(Collected data)

###

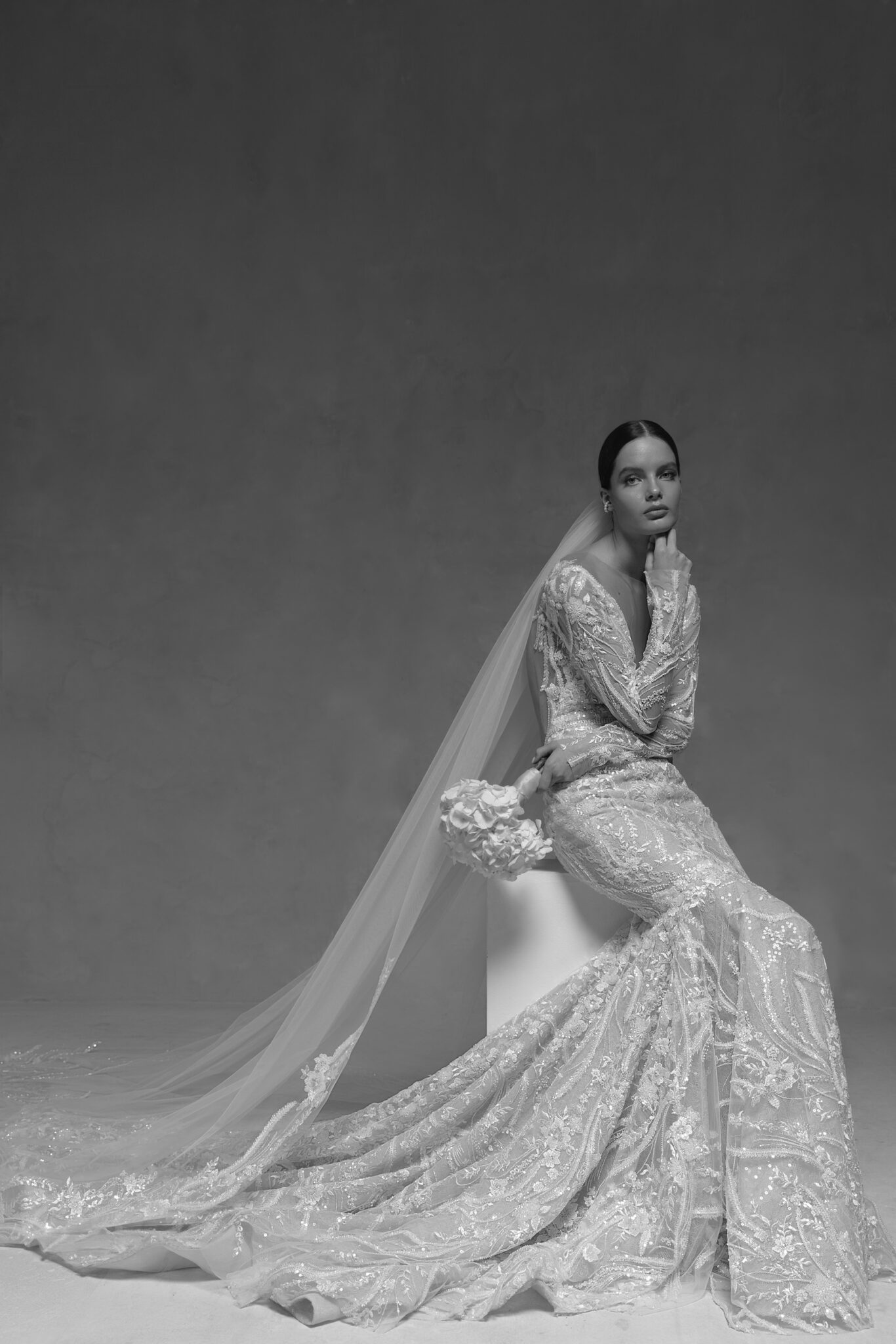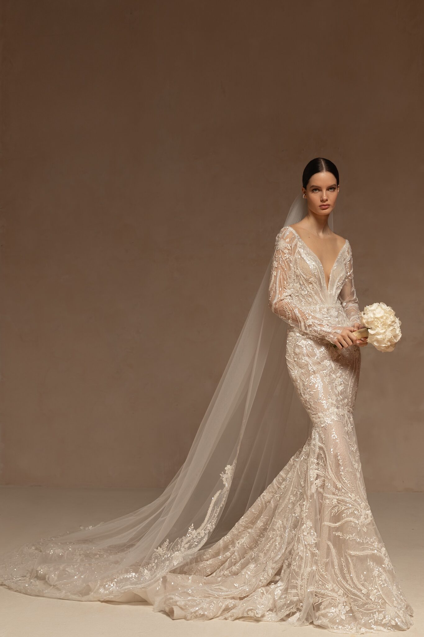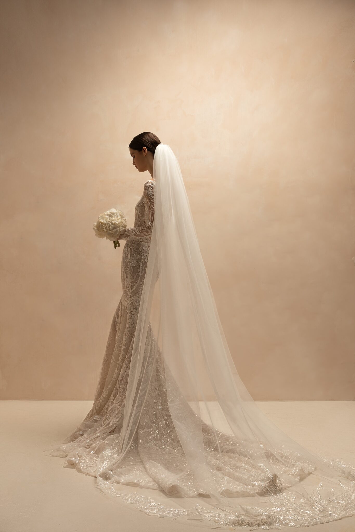VeilsLuxurious single-tier bridal veil made of translucent tulle and decorated with fabulous embroidered sequined lace. Suits perfectly with WONÁ Concept Goddess bridal gown. Available in catherdal length of 3m.
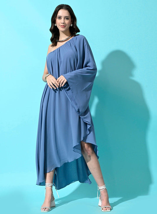 One Piece Georgette Flowy Midi Dress for Women - Blue
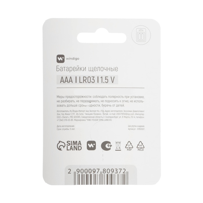 Alkalin Battery Windigo, AAA, LR03, Blister, 2 pcs
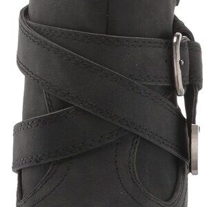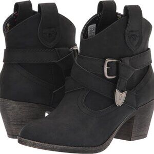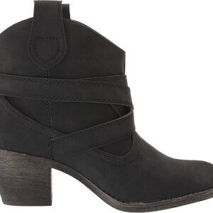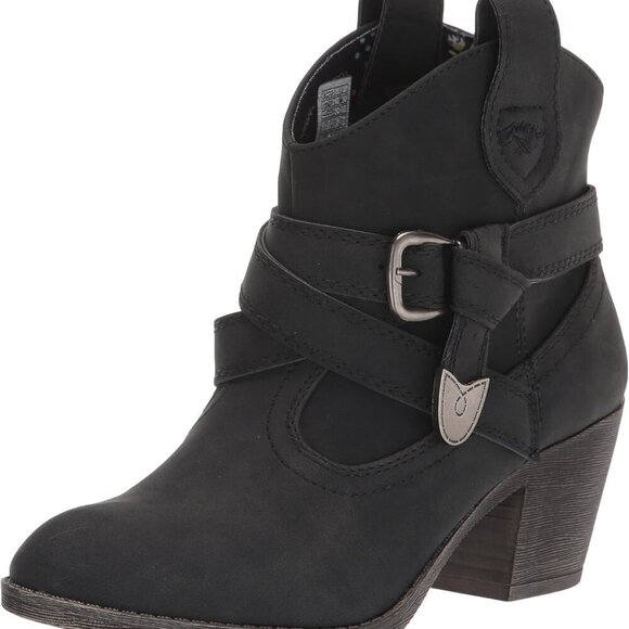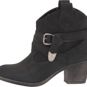 Features: Stylish ankle boots with a chunky 2.5-inch heel, scrunched shaft, and buckle detailing for that perfect cowgirl edge. The synthetic upper feels comfy yet durable, and the rubber sole adds grip for day-to-night wear.
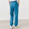 Блуза, свободная. Верхняя часть полочки с кокеткой, уходящей в длину рукава. Спущенная линия плеча. Спинка прямая, рукав реглан. По боковым швам разрезы, при необходимости, закрываются молнией. Горловина круглая, с притачной обтачкой из кашкорсе. Низ блузы оформлен открытым срезом, трикотажной строчкой. Брюки широкие, свободные, чуть заужены к низу, заканчиваются мягкой манжетой из кашкорсе.. Пояс брюк притачной, из двух частей. Передняя часть пояса из кашкорсе, уплотненная резинкой. Задняя часть пояса из основной ткани. собрана на резинку двумя строчками. Боковые карманы в швах. Мешковина кармана настрочена на переднюю половинку брюк, трикотажной строчкой.
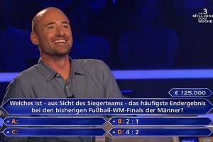 體育資訊10月11日訊 在德國(guó)版的《誰(shuí)想成為百萬(wàn)富翁》智力競(jìng)賽節(jié)目中,一位參賽者沒能回答對(duì)世界杯決賽的比分,錯(cuò)失12.5萬(wàn)歐元(約103萬(wàn)人民幣)獎(jiǎng)金。
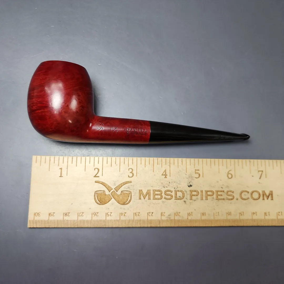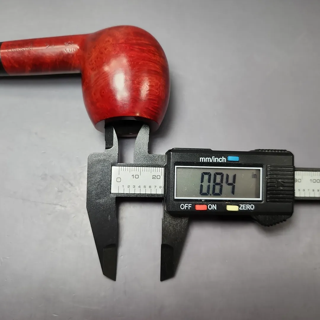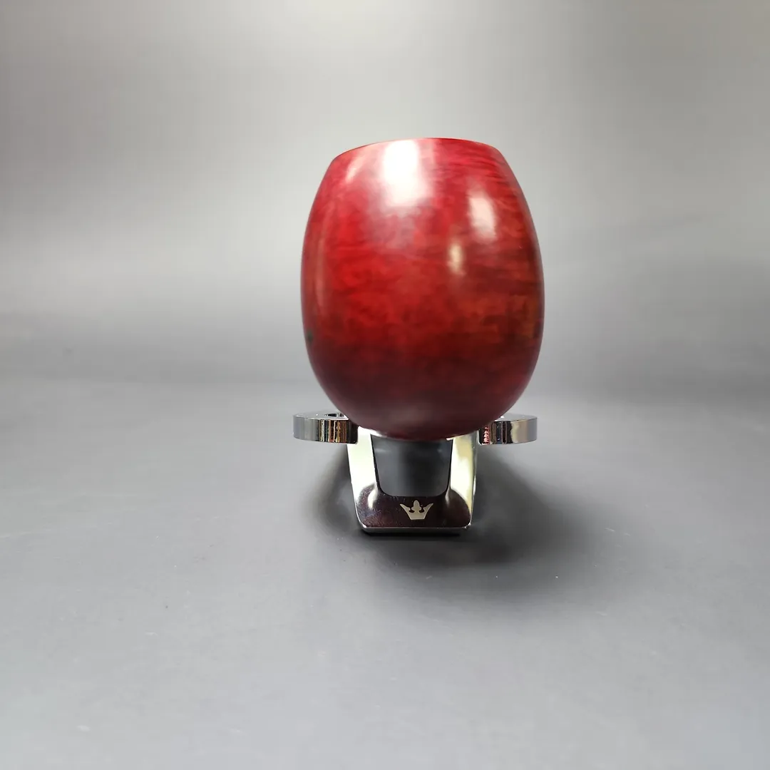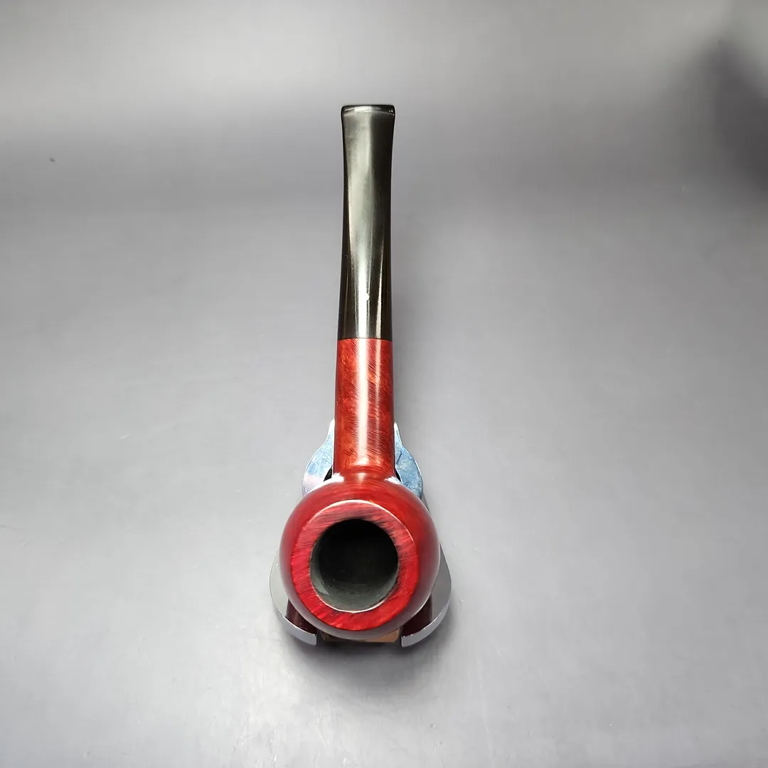 Around the mid-century, Dunhill formalized their “OD” series into a set of distinct shapes, each with a three-digit shape code. There were pipes that were, with the Anglo-French tradition, of unconventional design; there were pipes that were, for the time, of unconventionally large size; and there were shapes that could be considered a little of both. The 806 was a little of both, taking the form of a large, straight shape with an especially bulbous bowl somewhere between an apple and an egg. This one wears Dunhill’s signature, ruby red Bruyere finish, though in its lighter, mid-century iteration, rather than the much darker hues taken on by the Bruyere in more recent decades. I find that this older iteration of the finish works especially well on the 806’s ballooning figure—like a good old red delicious in the hand.
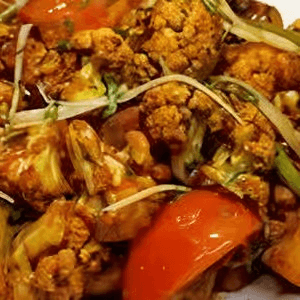 Cauliflower florets battered and fried, then tossed in Indo-Chinese Manchurian sauce.

###

Required action
Please output, exactly as written, the lines above from the one holding "Features: Stylish ankle" through the one holding "體育資訊10月11日訊 在德", both included, with the pictures omitted.

Solution
 Features: Stylish ankle boots with a chunky 2.5-inch heel, scrunched shaft, and buckle detailing for that perfect cowgirl edge. The synthetic upper feels comfy yet durable, and the rubber sole adds grip for day-to-night wear.
 Блуза, свободная. Верхняя часть полочки с кокеткой, уходящей в длину рукава. Спущенная линия плеча. Спинка прямая, рукав реглан. По боковым швам разрезы, при необходимости, закрываются молнией. Горловина круглая, с притачной обтачкой из кашкорсе. Низ блузы оформлен открытым срезом, трикотажной строчкой. Брюки широкие, свободные, чуть заужены к низу, заканчиваются мягкой манжетой из кашкорсе.. Пояс брюк притачной, из двух частей. Передняя часть пояса из кашкорсе, уплотненная резинкой. Задняя часть пояса из основной ткани. собрана на резинку двумя строчками. Боковые карманы в швах. Мешковина кармана настрочена на переднюю половинку брюк, трикотажной строчкой.
 體育資訊10月11日訊 在德國(guó)版的《誰(shuí)想成為百萬(wàn)富翁》智力競(jìng)賽節(jié)目中,一位參賽者沒能回答對(duì)世界杯決賽的比分,錯(cuò)失12.5萬(wàn)歐元(約103萬(wàn)人民幣)獎(jiǎng)金。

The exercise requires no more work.